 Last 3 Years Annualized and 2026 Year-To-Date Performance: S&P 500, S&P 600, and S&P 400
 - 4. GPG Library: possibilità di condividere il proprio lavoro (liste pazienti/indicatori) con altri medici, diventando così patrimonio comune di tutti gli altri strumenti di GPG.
# # # # #
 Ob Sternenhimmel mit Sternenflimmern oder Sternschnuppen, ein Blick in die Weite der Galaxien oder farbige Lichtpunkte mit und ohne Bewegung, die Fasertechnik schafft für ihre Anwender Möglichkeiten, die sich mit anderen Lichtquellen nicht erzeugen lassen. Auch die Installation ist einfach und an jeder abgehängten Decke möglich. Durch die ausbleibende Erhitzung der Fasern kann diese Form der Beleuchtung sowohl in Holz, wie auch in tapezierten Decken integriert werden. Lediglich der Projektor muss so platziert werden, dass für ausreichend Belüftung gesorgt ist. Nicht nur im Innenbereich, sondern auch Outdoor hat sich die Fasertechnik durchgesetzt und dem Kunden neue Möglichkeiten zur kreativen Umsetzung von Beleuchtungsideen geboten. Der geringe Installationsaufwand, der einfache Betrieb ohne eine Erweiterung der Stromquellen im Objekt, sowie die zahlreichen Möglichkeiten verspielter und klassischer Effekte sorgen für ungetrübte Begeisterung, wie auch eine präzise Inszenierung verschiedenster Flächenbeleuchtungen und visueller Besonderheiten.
# # # # #
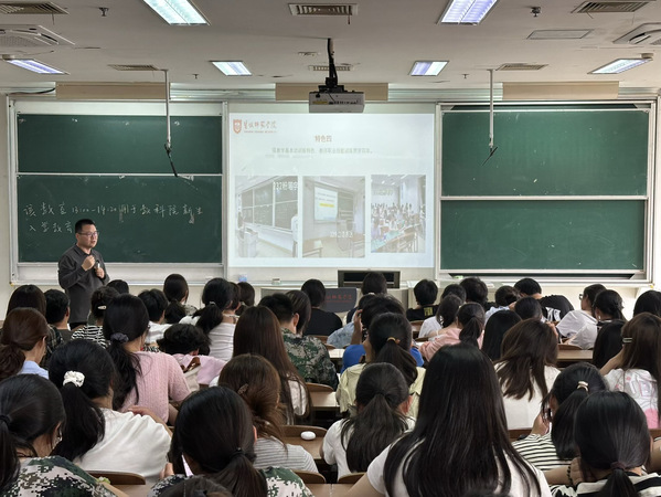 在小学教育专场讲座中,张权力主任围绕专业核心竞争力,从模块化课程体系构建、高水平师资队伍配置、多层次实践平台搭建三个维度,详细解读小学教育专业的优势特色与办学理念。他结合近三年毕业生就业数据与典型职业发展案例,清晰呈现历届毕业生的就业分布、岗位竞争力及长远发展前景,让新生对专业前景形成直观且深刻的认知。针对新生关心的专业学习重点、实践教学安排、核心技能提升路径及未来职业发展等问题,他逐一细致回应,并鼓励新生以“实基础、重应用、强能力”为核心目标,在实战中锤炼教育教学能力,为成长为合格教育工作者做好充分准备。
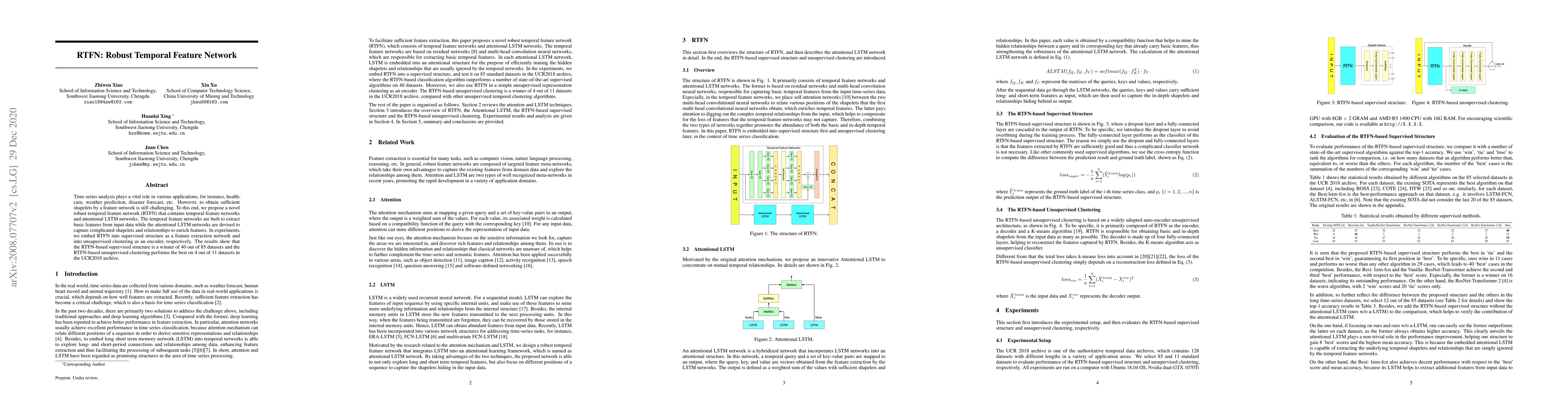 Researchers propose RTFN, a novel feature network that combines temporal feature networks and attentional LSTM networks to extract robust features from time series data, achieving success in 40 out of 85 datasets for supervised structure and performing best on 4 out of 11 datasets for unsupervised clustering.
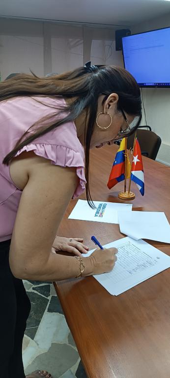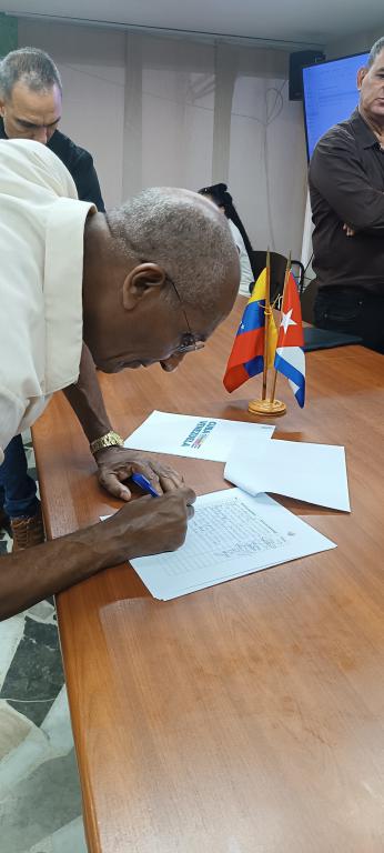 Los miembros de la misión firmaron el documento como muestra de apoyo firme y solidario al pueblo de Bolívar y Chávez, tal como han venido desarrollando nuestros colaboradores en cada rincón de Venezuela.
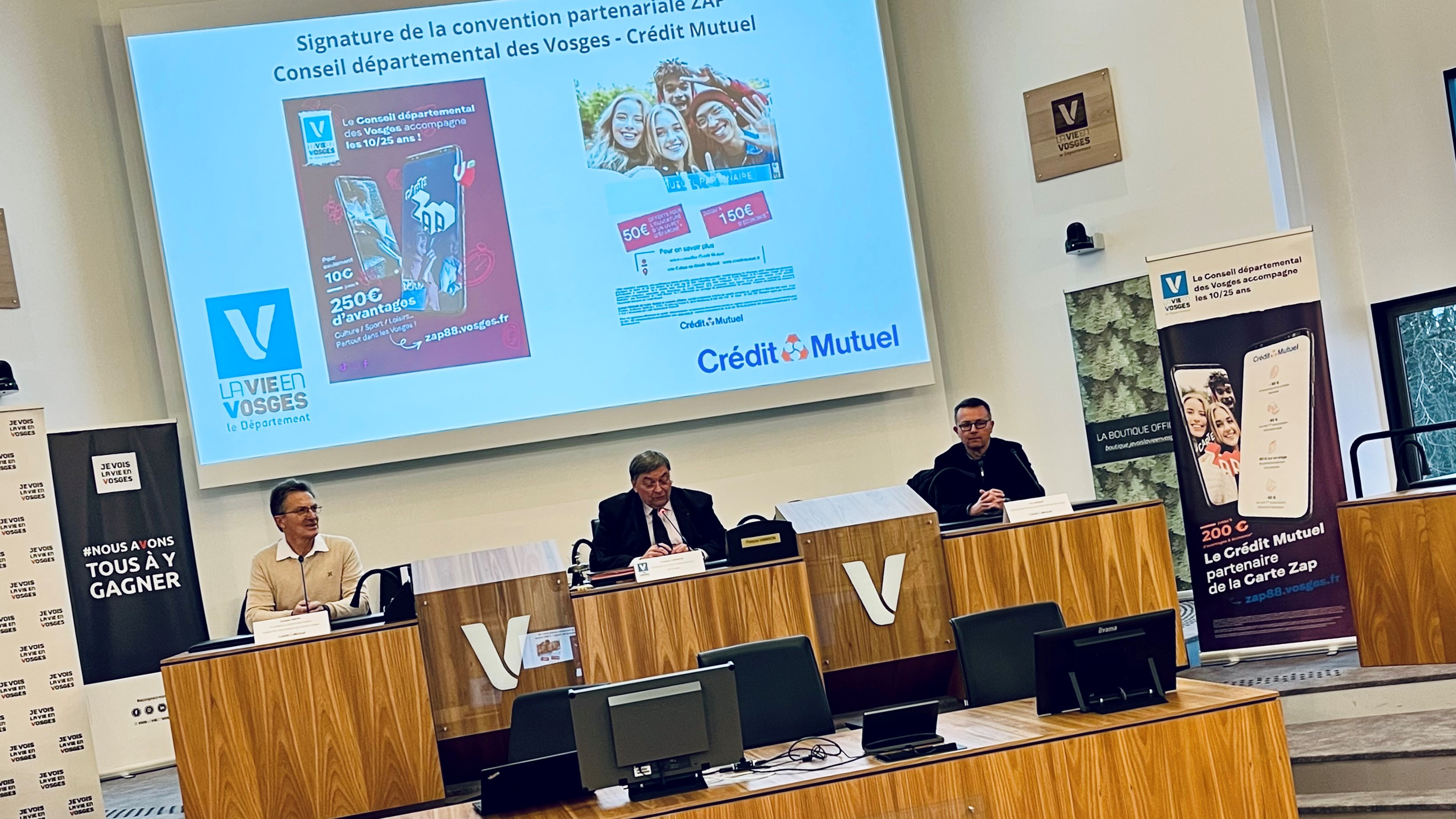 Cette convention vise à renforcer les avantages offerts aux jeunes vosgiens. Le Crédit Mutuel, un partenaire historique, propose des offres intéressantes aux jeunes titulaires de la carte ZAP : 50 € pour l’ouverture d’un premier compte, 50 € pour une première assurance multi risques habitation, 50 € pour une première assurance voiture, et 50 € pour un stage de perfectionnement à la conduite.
# # # # #
▶ _Your objective_
I'd like the lines above from the one with "Last 3 Years" up to and including the one with "- 4. GPG Library: possibilità" copied exactly, with no other lines.

▶ _Answer section_
 Last 3 Years Annualized and 2026 Year-To-Date Performance: S&P 500, S&P 600, and S&P 400
 - 4. GPG Library: possibilità di condividere il proprio lavoro (liste pazienti/indicatori) con altri medici, diventando così patrimonio comune di tutti gli altri strumenti di GPG.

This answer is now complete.